その一方で、未だに証券会社や銀行のセールスに乗せられて、手数料ばかり高い外貨投資信託買っている人が後を絶たない。
 
彼らが勧めるハイイールド債を組み込んで、ブラジル・レアルの為替リスクまで乗っけた投資信託なんて、どうなるか分からないよ。「ハイイールド債」と言えば聞こえが良いが、Junk Bond(クズ社債)だよ。
 
まあ、いいでしょ。私が既に退職したメガバンク・グループもそういう高手数料の投資信託を売って儲けにしている。

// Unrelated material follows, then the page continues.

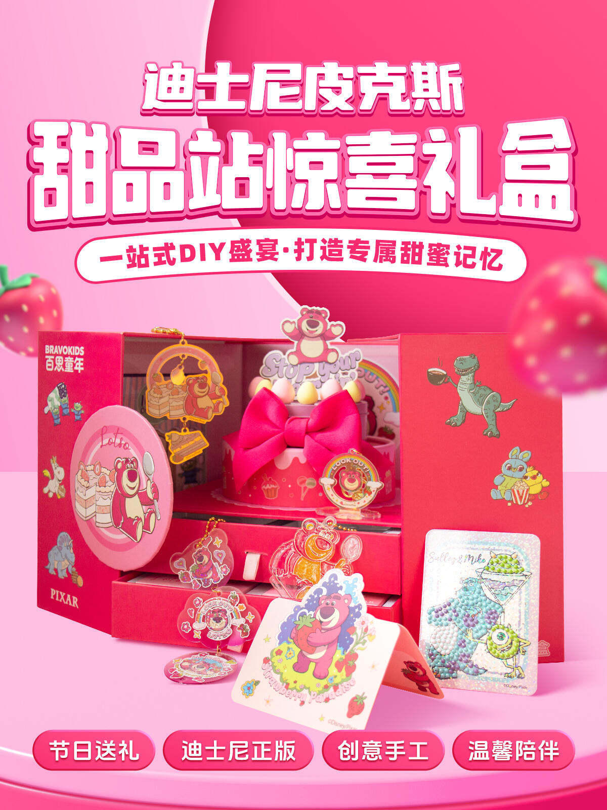 百思童年 迪士尼皮克斯草莓熊DIY甜品站惊喜礼盒

私の年金(企業年金)が、そうした儲けに支えられて安泰なら、個人的には文句を言う必要はない。
 
不動産証券業協会のデータで日本REIT全体の投資リターンを確認してみた(下の図)。
青い線がインカム・リターン、赤い線がキャピタル・リターンである。
 
弊著「なぜ人は市場に踊らされるのか?」(日本経済新聞出版社2010年)「資産運用のセオリー」(光文社2008年)をご覧下さった読者はご存じのはずだが、住宅資産は賃料がとても安定しているので、賃料を基準にして価格の大局的な割高・割安を簡単に見抜けると強調した。
 
REITは主に商業ビルなどに投資しているので、賃料を原資にした配当リターンは住宅賃料よりは変動性が高いと思っていた。商業ビルの賃料は住宅賃料よりは、景気の変動の影響を受けやすいからだ。ところが、データをグラフ化して見てちょっと驚いた。REIT全体の賃料に基づくインカム・リターンも2002年から2010年まで5~6%で大変に安定しているのだ。REIT一覧
 
正確に言うと、インカム・リターンと配当利回りは異なる。インカムリターンは「不動産資産の市場価値」」分母にして計算している。「市場価値」とはREITの上場されている時価ではない。むしろ「鑑定額」に近いだろう。
 
ちなみに、上場時価を分母にREITの配当率の推移をみると、REITのブーム・ピーク時には2%台まで下がり、クラッシュ時には8%近くまで上がっている。つまり、REITの上場価格が、非合理的な高騰と暴落をした結果、鑑定額を分母にした賃料リターン(=インカム・リターン)は安定しているのに、上場価格をベースにした配当利回りはバカみたいに乱高下したのだ。
 
もちろん、私は配当リターン2%~3%%のREITなんてバカバカしくて買えないと思っていたので、インカムリターンが「正常化」した昨年までREITは一切買わなかった。
 
こんなに安定したインカム・リターンの資産なのに、市場の投資家はブーム期には倍の値段で買い、ブームが破裂した後は、ピーク時から半値以下の水準でもなかなか買おうとしないのだ(REITの市場時価総額のグラフ) (東証REIT指数)。
 
まことに、ありがたいことだ。躁鬱病のMr.Marketに感謝しようじゃないか。彼が落ち込んで鬱になってくれたおかげで、優良REITを利回り5~6%という配当利回りが出る価格で買うことができるんだ。
 
個別のマンション投資でも都心の中古物件をショッピングしても、利回りはネット6%程度だろう。ところがREITには個別物件にはない高い流動性がある。何年かして、またMr.Marketが躁状態になって、バカ高い価格になったら、さっさといつでも売り抜けることができる。 
 
「価格が上がらなかったらどうする?」 超低金利の日本で5~6%ものリターンを生んでくれるのだから、ありがたくことだと思って、いつまでも持っていればいいだろう。
 
「日本は低金利で資産形成なんてできない」と嘆いている方がいれば、本当に嘆くべきなのは「日本の低金利」ではなく、その方の金融・投資リテラシーの不足だ、と申し上げておこうか。